Thursday, July 9, 2009
let me clear my throat
I've been meaning to write a blog post for a few days now, but I couldn't find the way in. The beginning. In workshop, we used to say that a lot of the poems needed to cut the throat-clearing; the beginning that permitted the poet to get the poem rolling, but in retrospect did nothing for the poem itself.
This is throat-clearing, but since this is also a blog that maybe three people read, I'm gonna leave it. As an added bonus, now you have DJ Kool stuck in your head! Yes. You're welcome.
So yes, we have returned from the beach. It was sandy, and it was nice; there were some bumps along the way, but mainly it was the same group of people at the same houses doing the same things, only looking a little bit taller/grayer/older than the previous year. The B made his Duck debut this year, and I did receive a text message in which it was revealed that a vote was taken and he passed, with a thumbs up, so that's good to know. There's something about that beach. It's a good place to think things through for a few hours, bobbing in the ocean, and then rinse off the salt and grab a beer and sit down in the company of twenty people who have seen you through pretty much everything. When you consider that, it's hard to feel too overwhelmed by what's on your mind.
I couldn't help but think, however, that at least this year the things on my mind were NOT MOVING. I'm still working through this thought, so perhaps this is just more throat clearing (ah huh! ah huh!), but two years ago I was freaking out about moving to Madison and not having a job lined up there, and last year I was really freaking out about the fact that I was a few weeks away from moving to an entirely different state from the B, and what that was going to do to us. This year, with the B at my side for long evening beach walks and the knowledge that we'd already moved, I felt a lot better. So much better that I only had to reach for the Xanax twice. For a week-long family vacation that is bookended with fifteen hours of driving, that's not too bad.

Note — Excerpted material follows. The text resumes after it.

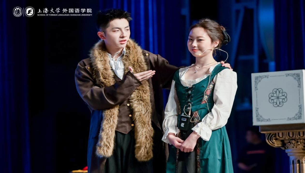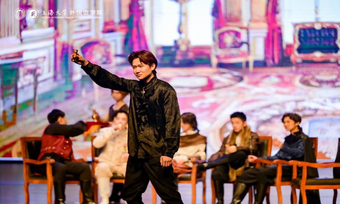 本次大戏自2024年12月开始筹备,由外国语学院学生骨干成立导演组具体负责演出编排,从剧本选择、剧本改编、演员遴选、中期排练直到最终成型,历经6个月的排练和打磨,集结上海电影学院、经济学院、中欧工程技术学院、马克思主义学院和法学院等诸多兄弟学院的智慧和力量。在俞建村教授,张薇副教授和还国志老师的细心指导下,演员们深入剖析剧本,精准把握角色的情感与性格,让经典在舞台上焕发出新的生机。

It was a sort of beautiful strangeness to return home, too; this place actually feels like home, or is starting to. The night before we left, the reading series kicked off, and no matter how successful that venture proves to be, my founding partner is right in that it helps both of us feel as if this town is home for the next few years. I was looking forward to two things this week: the last of the apartment fix-up things and having a few drinks with the people here. Both very home sort of things. And this morning, when I woke up to the sounds of the B making French toast in our kitchen and saw the new curtains billowing at the windows, I felt good. Very, very good.
Maybe I won't have much to say here over the next few weeks, or maybe I will. I don't know yet. I do know that I keep thinking, Holy shit, I can't believe this is all set--meaning that we are both in this apartment, and the closets are clean, and the pot rack is hung, and the classes are still a month and a half away, and we live here now. Kato feels as far away as it ever has, and that itself signifies something. So maybe I'll camp out in the sunroom with a stack of books and admire the way the light filters through the dining room windows in the late afternoon. Maybe I'll repot a few plants and drink some more wine. Maybe I'll head over to the lake on a windy day with the dog and laugh when his ears flap straight up. And maybe I can make a little sense of what's swimming in my head: family things, writing things, the-next-phrase things.
It sure is nice to be here, though. Let me say that. AND LET ME CLEAR MY THROAT AH HUH AH HUH.